In this blog-post, I’ll use the following R packages,

to compare between the (as of December 2022) existing ‘Partition Around Medoids’ implementations in terms of output dissimilarity cost and elapsed time.


# required R packages

require(ClusterR)

## Loading required package: ClusterR

## Loading required package: gtools

require(cluster)

## Loading required package: cluster

require(kmed)

## Loading required package: kmed

require(fastkmedoids)

## Loading required package: fastkmedoids

## 
## Attaching package: 'fastkmedoids'

## The following object is masked from 'package:cluster':
## 
##     pam

require(sf)

## Loading required package: sf

## Linking to GEOS 3.7.1, GDAL 2.2.2, PROJ 4.9.2; sf_use_s2() is TRUE

require(data.table)

## Loading required package: data.table

require(geodist)

## Loading required package: geodist

require(glue)

## Loading required package: glue

require(magrittr)

## Loading required package: magrittr

require(ggplot2)

## Loading required package: ggplot2

require(mapview)

## Loading required package: mapview

require(knitr)

## Loading required package: knitr


Datasets


For comparison purposes, I’ll use the following datasets,

  • a 2-column dataset using values of the Normal Distribution (standard deviation is equal to 0.25 and the mean parameter takes the value of 0 or 1)
  • the ‘dietary_survey_IBS’ dataset which exists in the ClusterR package
  • the ‘soybean’ dataset which exists in the ClusterR package
  • the ‘agriculture’ dataset which exists in the cluster package
  • a ‘geospatial’ dataset that shows how nicely the ‘Partition Around Medoids’ algorithm can cluster coordinate points based on a ‘geodesic’ distance matrix (assuming we can visually decide on the number of clusters)

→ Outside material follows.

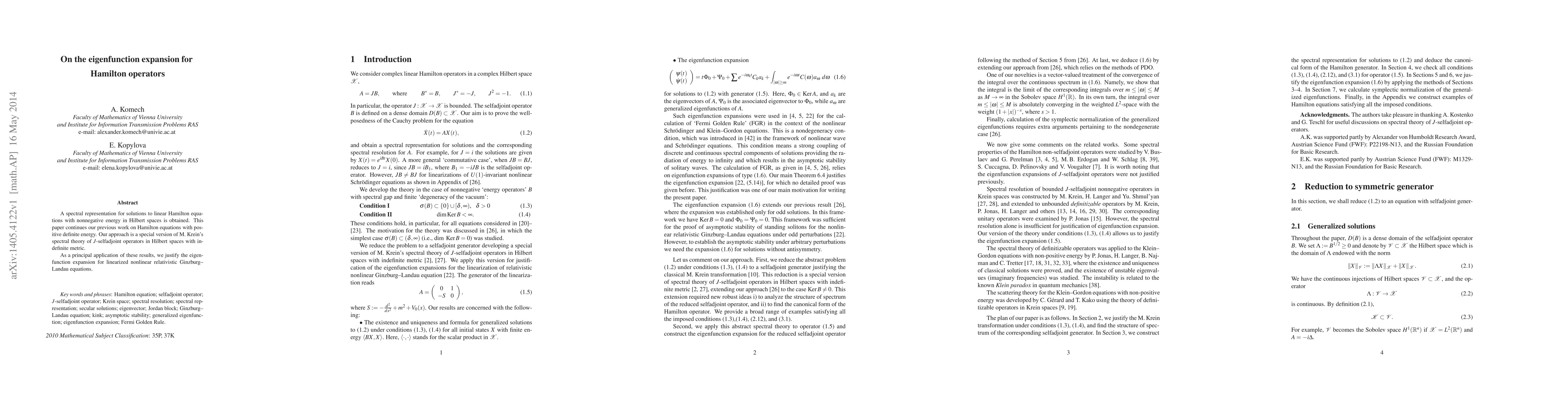 This paper develops a spectral representation for solutions to linear Hamilton equations with nonnegative energy using M. Krein's spectral theory of $J$-selfadjoint operators. It extends previous work on positive definite energy and applies the results to justify the eigenfunction expansion for linearized nonlinear relativistic Ginzburg-Landau equations.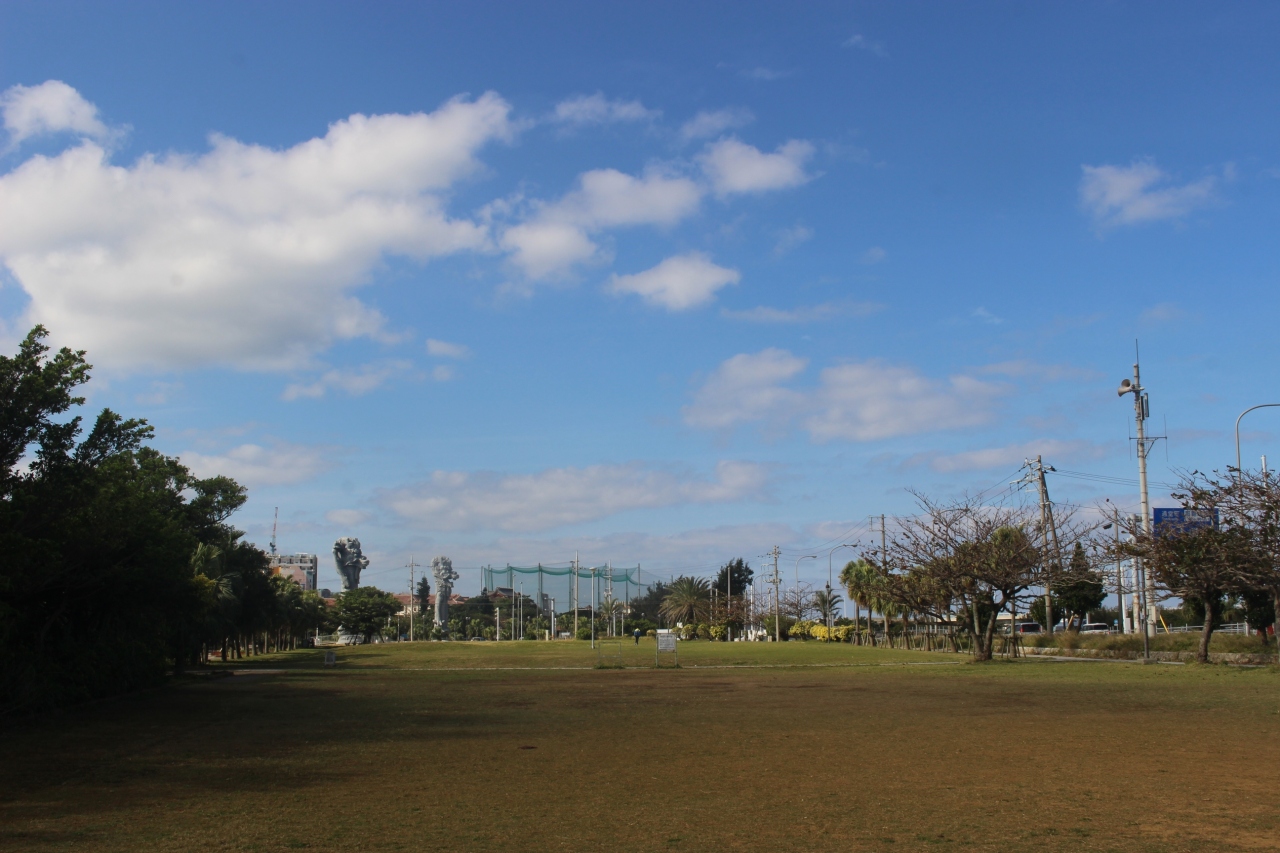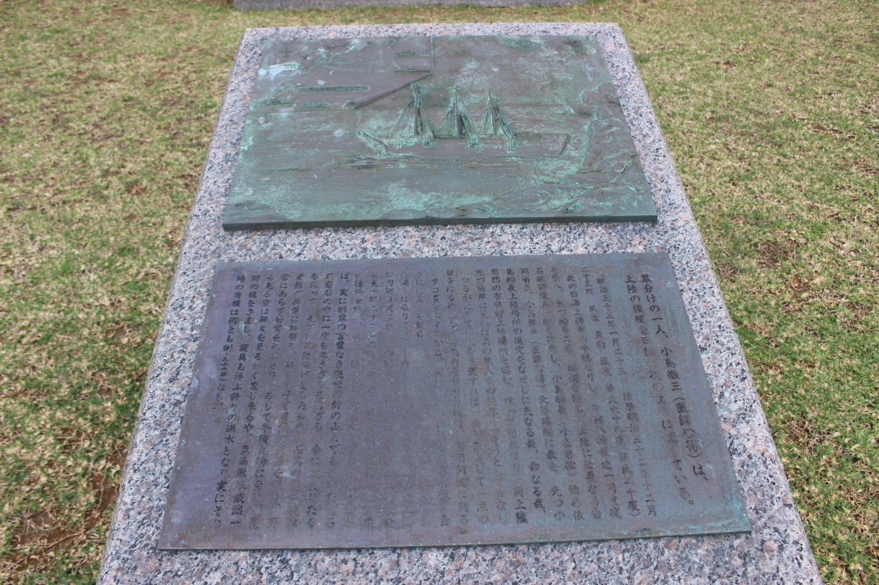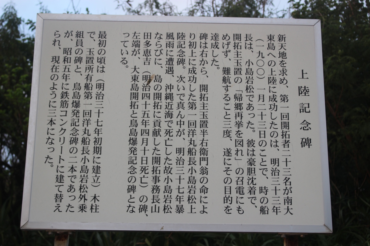 中心部にある文化センターからシュガー鉄道の廃線跡であるフロンティア・ロードをレンタサイクルで走ってくると、終点の西港の手前の広場に立派な記念碑がありました。

The next function contains the previously mentioned datasets,


datasets_clust = function(data_name) {
  
  if (data_name == 'rnorm_data') {
    n = 100
    set.seed(1)
    x = rbind(matrix(rnorm(n, mean = 0, sd = 0.25), ncol = 2),
              matrix(rnorm(n, mean = 1, sd = 0.25), ncol = 2))
    lst_out = list(x = x, dataset = data_name)
  }
  else if (data_name == 'dietary_survey_IBS') {
    data(dietary_survey_IBS, package = 'ClusterR')
    x = dietary_survey_IBS[, -ncol(dietary_survey_IBS)]
    lst_out = list(x = x, dataset = data_name)
  }
  else if (data_name == 'soybean') {
    data(soybean, package = 'ClusterR')
    x = soybean[, -ncol(soybean)]
    lst_out = list(x = x, dataset = data_name)
  }
  else if (data_name == 'agriculture') {
    data(agriculture, package = 'cluster')
    x = agriculture
    lst_out = list(x = x, dataset = data_name)
  }
  else if (data_name == 'geospatial') {
    wkt_lst = list(black_sea = "POLYGON ((31.47957 43.64944, 31.47957 42.82356, 36.17885 42.82356, 36.17885 43.64944, 31.47957 43.64944))", 
                   caspian_sea = "POLYGON ((49.23243 42.75324, 49.23243 41.99335, 51.54848 41.99335, 51.54848 42.75324, 49.23243 42.75324))", 
                   mediterranean_sea = "POLYGON ((16.55062 35.08059, 16.55062 34.13804, 20.20771 34.13804, 20.20771 35.08059, 16.55062 35.08059))", 
                   red_sea = "POLYGON ((36.61694 23.61829, 36.61694 22.60845, 38.18655 22.60845, 38.18655 23.61829, 36.61694 23.61829))")
   
    nam_wkts = names(wkt_lst)
    CRS_wkt = 4326
    sample_point_size = 250              # sample that many random points from each sea WKT polygon
    
    count = 1
    all_dfs = list()
    
    for (nam in nam_wkts) {
      WKT = wkt_lst[[nam]]
      read_wkt_inp = sf::st_as_sfc(WKT, crs = sf::st_crs(CRS_wkt))
      # to sample random points see:  https://stackoverflow.com/a/70073632/8302386
      random_lat_lons = sf::st_sample(x = read_wkt_inp, size = sample_point_size, type = "random", crs = sf::st_crs(CRS_wkt))
      random_df = sf::st_coordinates(random_lat_lons)
      random_df = data.table::as.data.table(random_df)
      colnames(random_df) = c('lon', 'lat')
      random_df$sea = rep(x = nam, times = nrow(random_df))
      random_df$code = rep(x = count, times = nrow(random_df))
      all_dfs[[count]] = random_df
      
      count = count + 1
    }
    
    dat = data.table::rbindlist(all_dfs)
    dat_sf = sf::st_as_sf(dat, coords = c('lon', 'lat'), crs = CRS_wkt)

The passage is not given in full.